O título deste Congresso, “Não há relação sexual”, convoca, de início, uma observação: é a primeira vez que o termo “sexual” aparece no título de um congresso da AMP. Temos, portanto, a oportunidade de questionar o que tornou a descoberta freudiana um escândalo, mas também seu sucesso, se considerarmos que Freud contribuiu para a dissolução da moral sexual civilizada ao trazer à luz a importância do sexual na economia psíquica, a ponto de apontar a sexualidade infantil. Ele estendeu sua significação muito além da cópula animal e da genitalidade, considerando por exemplo que, na sexualidade infantil (referindo-se ao pediatra Lindner[1]), é na sucção que devemos ver o protótipo da pulsão sexual: uma reivindicação primária, primordial, de voluptuosidade, independente da necessidade vital, um estado do corpo silencioso em relação a si mesmo. Ele o escreve de modo radical em “A moral sexual civilizada”: “a pulsão sexual só faz o que lhe dá na cabeça”[2].

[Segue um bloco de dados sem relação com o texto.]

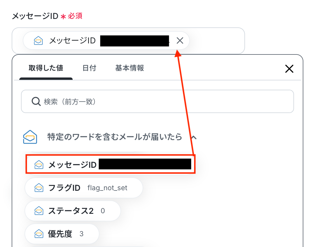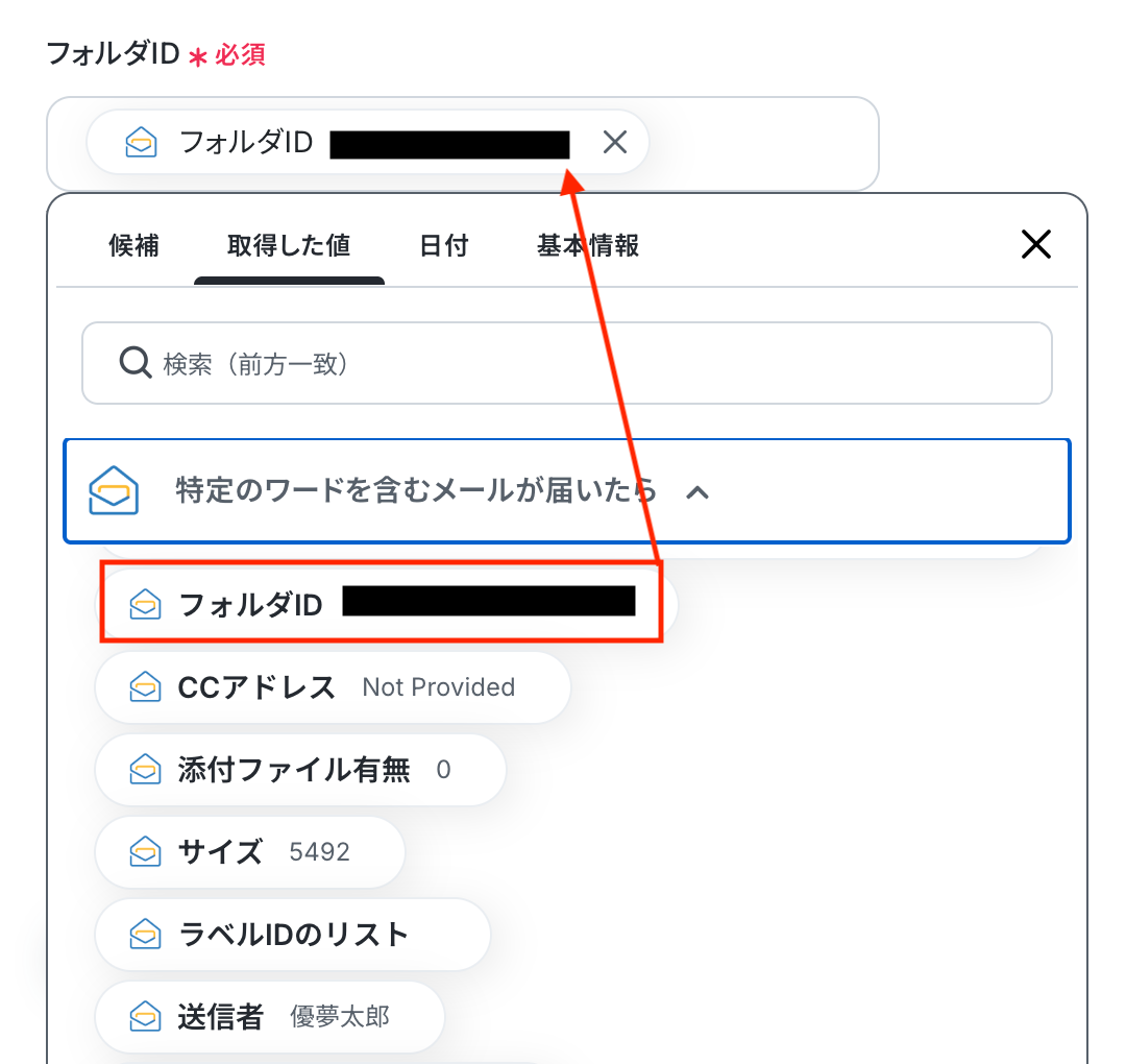 フォルダID メッセージID 入力欄をクリックすると、前のステップでZoho Mailから取得した値が表示されるので、選択して入力しましょう。 取得した値を活用することで値が固定化されず、フローボットを起動するたびに最新の情報を自動で反映できます。

Desde a época de Freud, uma mudança radical ocorreu na sexualidade. A sexualidade é onipresente, tornada visível, disseminando-se por toda parte nas telas e nas redes sociais. Pouco antes de 1968, em Meu Ensino, Lacan havia enfatizado a evidência de que a verdadeira mudança está nisto: a sexualidade perdeu alguma coisa do gozo clandestino e transgressor, para dar lugar a uma sexualidade que tem “algo de muito mais público […], ao ar livre”[3]. Em razão disso, os sujeitos se veem despojados de uma parcela de intimidade e de segredo, como se fossem precipitados para fora de si mesmos, na cena pública. Isso está ainda mais presente nos dias de hoje, na época do desenvolvimento da sexualidade nos espaços digitais.
Uma pesquisa recente e muito bem documentada do INSERM, a respeito da evolução da sexualidade dos franceses de 15 a 89 anos, publicou há pouco tempo resultados dignos de serem ressaltados[4].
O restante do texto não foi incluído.